PGE2 exacerbates the IL-10 secretion level by increasing the NF-κB binding activity
As an M2-specific marker, IL-10 promotes alternative macrophage activation and pathological neovascularization . In our study, we also found that IL-10 was significantly increased at 7 dpi in the laser-induced eyes, which was reversed by the pre-treatment with celecoxib (Figure 7A). We further identified the region of the IL-10 promoter that was important for mediating the inductive effects of PGE2. The transient transfections were performed with a series of human IL-10 promoter-deletion constructs (Figure 7B). Treatment of the HEK293 cells with PGE2 led to a several-fold increase in the IL-10 promoter activity when the -2000 bp deletion construct (I1) was used (Figure 7C). The magnitude of PGE2-mediated induction of the IL-10 promoter activity remained essentially constant until the -516 bp deletion construct (I3) was used. The -516 bp IL-10 promoter construct (I4) was not stimulated by PGE2. This result implied that one or more promoter elements located between -516 bp and -1012 bp is necessary for the PGE2-mediated induction of the IL-10 promoter activity. NF-κB sites are found within this region of the IL-10 promoter . Recent studies have reported that NF-κB plays important role in the early stages of angiogenesis and CNV . NF-κB is also known to regulate several genes involved in angiogenesis (VEGF, intercellular adhesion molecule 1 [ICAM1] and COX2) [25, 26]. As oxidative stress serves a vital function in the pathogenesis of AMD, in our study, the BMDMs were also subjected to H2O2 treatment to induce oxidative damage. The results revealed that 400 μM H2O2 or 5 μM PGE2 dramatically induced the DNA binding activity of NF-κB (Figure 7D). Meanwhile, treatment of the BMDMs with H2O2 or PGE2 could increase the NF-κB translocation from the cytoplasm to the nucleus (Figure 7E and 7F). Besides, 10 μM celecoxib treatment dramatically prevented the H2O2-induced p65 expression in the nucleus (Figure 7G and 7H).
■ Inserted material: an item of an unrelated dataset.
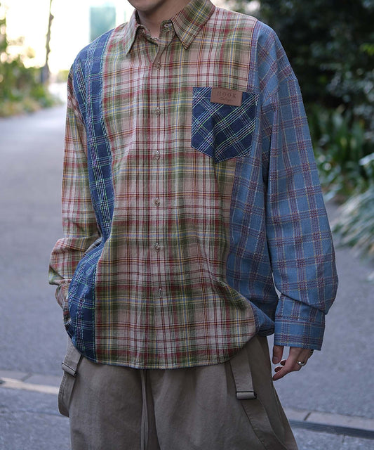 HOOK -original- 古着風チェック柄マルチ切り替えビッグシャツ

MAPKs, including Erk (1/2), p38 and JNK (1/2), mediated the activation of NF-κB, which have been demonstrated to play an important role in oxidative stress . As shown in Figure 7, H2O2 induced a significant increase in the phosphorylation of Erk (1/2) compared to the control group, which was prevented in the celecoxib-treated group (Figure 7I and 7J). However, there was no significant difference in the level of phospho-p38 or phospho-JNK (1/2) among the groups (Figure 7I and 7J).
Role of IL-10 in the proliferation and migration of the human choroidal microvascular endothelial cells (HCECs)
The role of IL-10 in HCECs proliferation and migration were examined using the WST-1 and transwell migration assays, as well as by observing the distance in wound healing. The proliferation and migration were dramatically increased in the 10 ng/ml or 25 ng/ml IL-10-treated HCECs (Figure 8A–8C).